[Source records]

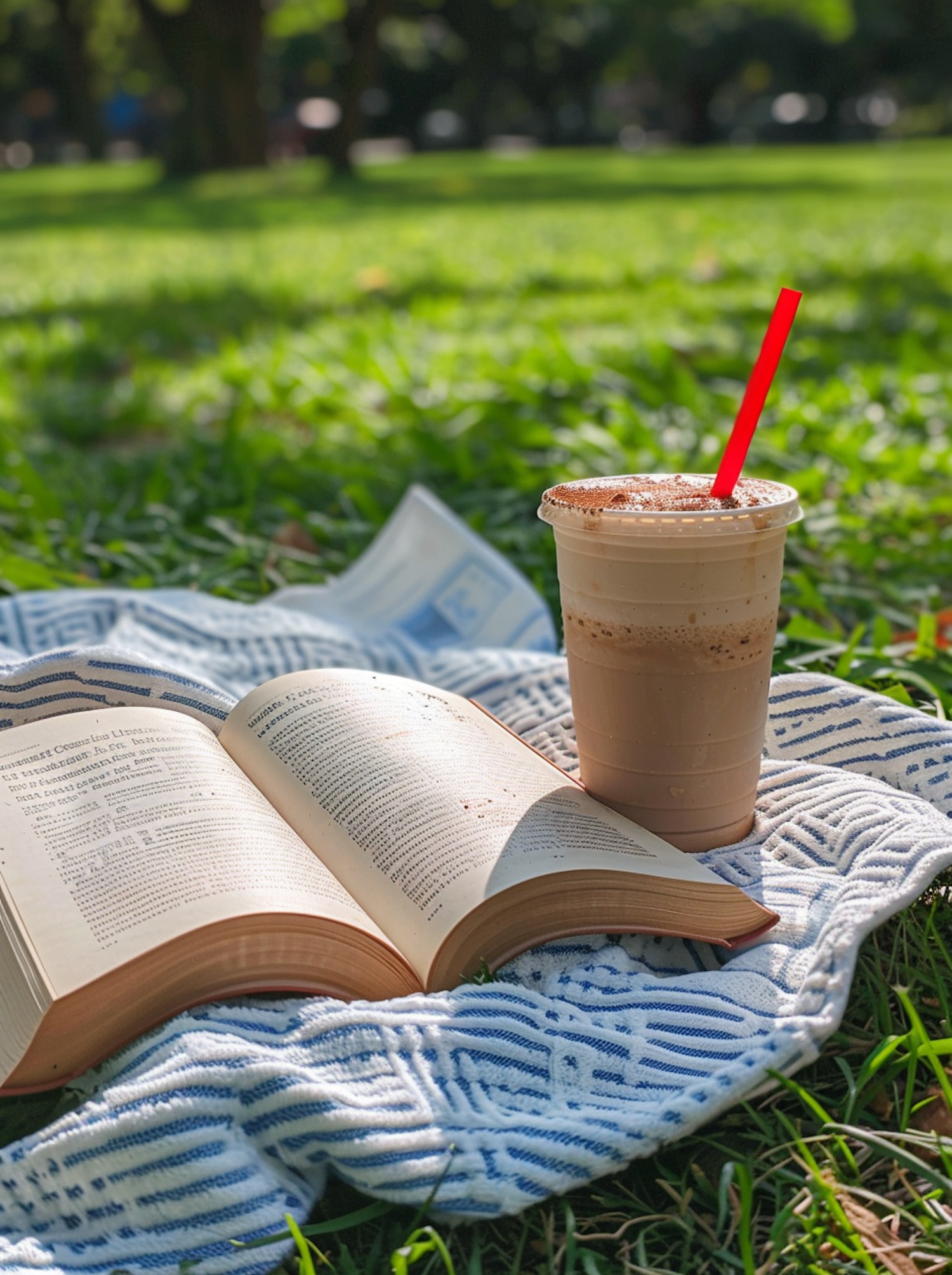 Open book and iced coffee on a blanket in a sunny park, perfect for a relaxing outdoor reading session.
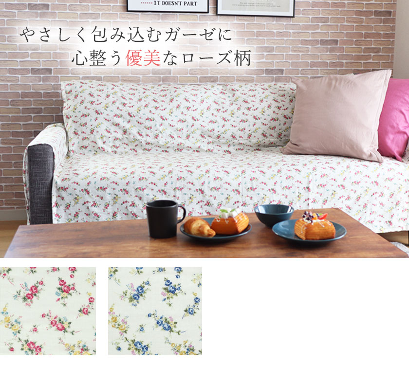 掛けるだけでカンタンな一枚物なので取り替え楽々で丸洗いできないソファの汚れを防ぎます。洗うたび、ふっくらふわふわな心地よさ。エレガントなローズ柄でお部屋が一気に華やかな綿100%ダブルガーゼのソファカバー。日本製
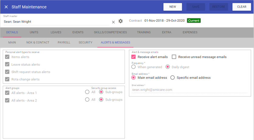 Managers can choose to have any Alerts and/or Messages you receive within Staff.Care to be emailed to you. Navigate to Staff > Staff Maintenance, select your record and click on ALERTS & MESSAGES:
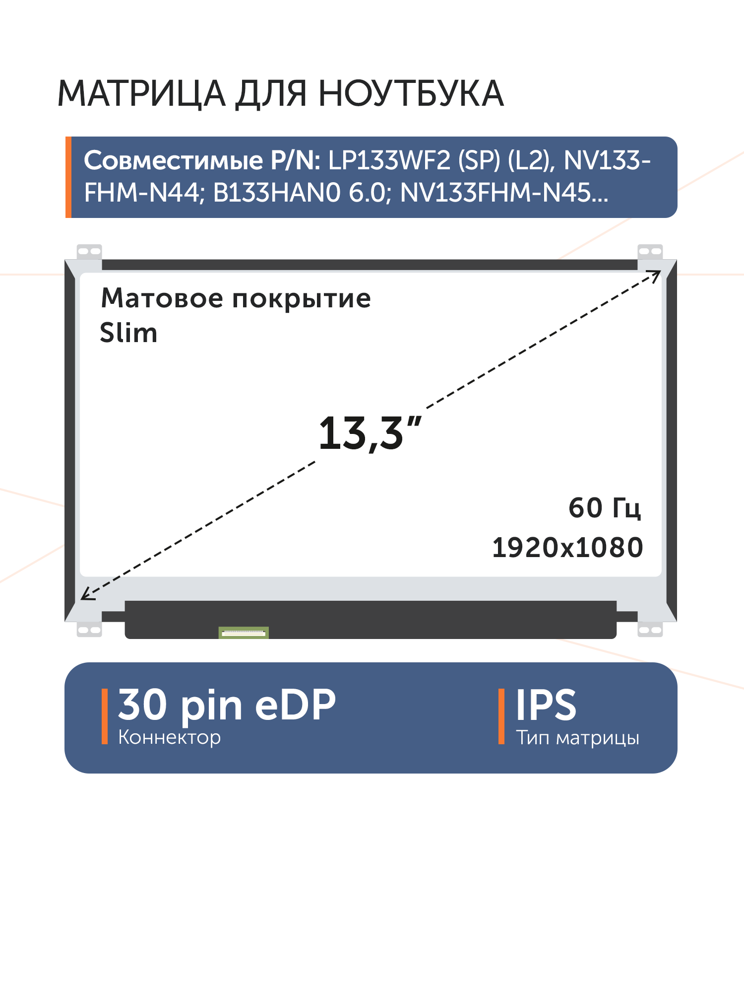 Совместимые модели: LP133WF2 (SP)(L2), NV133FHM-N44, B133HAN06.0, NV133FHM-N45, NV133FHM-N44, N133HCE-EAA Rev. B2, NV133FHM-N43
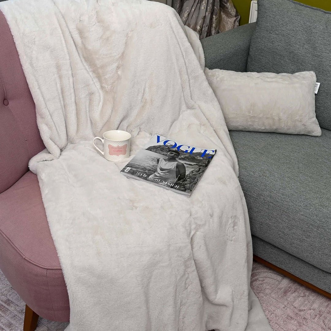 Γούνινο διακοσμητικό ριχτάρι Rabbit σε ιβουάρ χρώμα. Η γούνα είναι οικολογική από πολυεστέρα, που το καθιστά πολύ απαλό και ζεστό. Μπορείτε να το τοποθετήσετε σε πολυθρόνα ή σε καναπέ, ακόμα και να το χρησιμοποιήσετε σαν κουβέρτα για τον καναπέ σας. Είναι ιδανικό για τους χειμερινούς μήνες. Συνδυάστε το με τα υπόλοιπα είδη της ίδιας σειράς για ένα ολοκληρωμένο σετ.
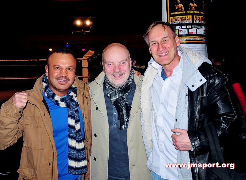 Foto oben: mit dem Nürnberger Boxtrainer Metin O. (li.) und Mäzen Dr. Heiner (mi.)
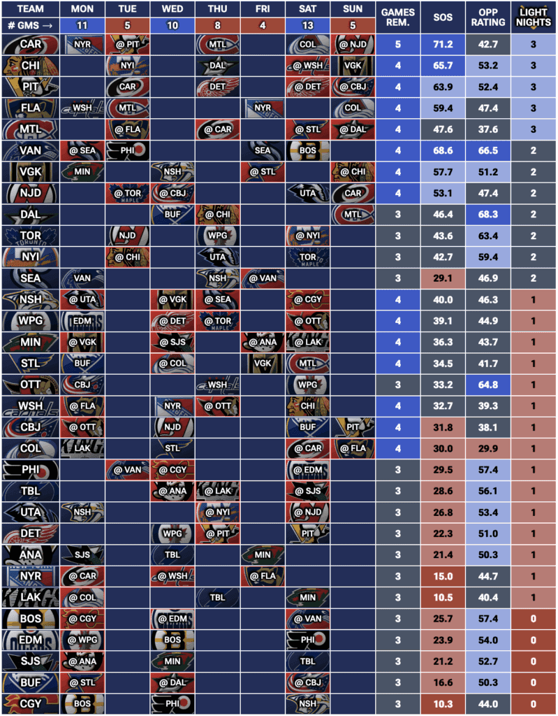If you’re looking for a full breakdown of every team’s upcoming schedule, check out our Fantasy Hockey Strength of Schedule Tool — updated daily to show which teams have the most games and valuable light-night matchups each week.
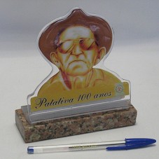 PLACA (13X12,5 CM) CONFECCIONADA EM ACRÍLICO, COM ESTAMPA CONTENDO DESENHO, EM PLANO AMERICANO, DO POETA PATATIVA DO ASSARÉ, EM TONS DE AMARELO E MARROM. POSSUI A INSCRIÇÃO 'PATATIVA 100 ANOS' E LOGOMARCA DA 'PREFEITURA M. DE ASSARÉ / ADM: EVANDERTO ALMEIDA'. FIXADA EM BASE (2X14X5 CM) DE MÁRMORE ROSADO.
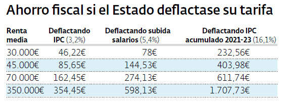Sería así si se aplicase una deflactación del 16,1%, equivalente al IPC acumulado de 2021 a 2023. Si ese ajuste se quedara en el 3,2% — en línea con el índice de precios de consumo de 2023—, el ahorro fiscal para las rentas medias sería de 46,22 euros, en tanto que se elevaría a 78 aplicando un 5,4%, correspondiente al repunte del sueldo medio en el ejercicio pasado.

- Goal of the exercise
Please, without any pictures, retype the records exactly as they appear.

- Result for this task
 Open book and iced coffee on a blanket in a sunny park, perfect for a relaxing outdoor reading session.
 掛けるだけでカンタンな一枚物なので取り替え楽々で丸洗いできないソファの汚れを防ぎます。洗うたび、ふっくらふわふわな心地よさ。エレガントなローズ柄でお部屋が一気に華やかな綿100%ダブルガーゼのソファカバー。日本製
 Managers can choose to have any Alerts and/or Messages you receive within Staff.Care to be emailed to you. Navigate to Staff > Staff Maintenance, select your record and click on ALERTS & MESSAGES:
 Совместимые модели: LP133WF2 (SP)(L2), NV133FHM-N44, B133HAN06.0, NV133FHM-N45, NV133FHM-N44, N133HCE-EAA Rev. B2, NV133FHM-N43
 Γούνινο διακοσμητικό ριχτάρι Rabbit σε ιβουάρ χρώμα. Η γούνα είναι οικολογική από πολυεστέρα, που το καθιστά πολύ απαλό και ζεστό. Μπορείτε να το τοποθετήσετε σε πολυθρόνα ή σε καναπέ, ακόμα και να το χρησιμοποιήσετε σαν κουβέρτα για τον καναπέ σας. Είναι ιδανικό για τους χειμερινούς μήνες. Συνδυάστε το με τα υπόλοιπα είδη της ίδιας σειράς για ένα ολοκληρωμένο σετ.
 Foto oben: mit dem Nürnberger Boxtrainer Metin O. (li.) und Mäzen Dr. Heiner (mi.)
If you’re looking for a full breakdown of every team’s upcoming schedule, check out our Fantasy Hockey Strength of Schedule Tool — updated daily to show which teams have the most games and valuable light-night matchups each week.
 PLACA (13X12,5 CM) CONFECCIONADA EM ACRÍLICO, COM ESTAMPA CONTENDO DESENHO, EM PLANO AMERICANO, DO POETA PATATIVA DO ASSARÉ, EM TONS DE AMARELO E MARROM. POSSUI A INSCRIÇÃO 'PATATIVA 100 ANOS' E LOGOMARCA DA 'PREFEITURA M. DE ASSARÉ / ADM: EVANDERTO ALMEIDA'. FIXADA EM BASE (2X14X5 CM) DE MÁRMORE ROSADO.
Sería así si se aplicase una deflactación del 16,1%, equivalente al IPC acumulado de 2021 a 2023. Si ese ajuste se quedara en el 3,2% — en línea con el índice de precios de consumo de 2023—, el ahorro fiscal para las rentas medias sería de 46,22 euros, en tanto que se elevaría a 78 aplicando un 5,4%, correspondiente al repunte del sueldo medio en el ejercicio pasado.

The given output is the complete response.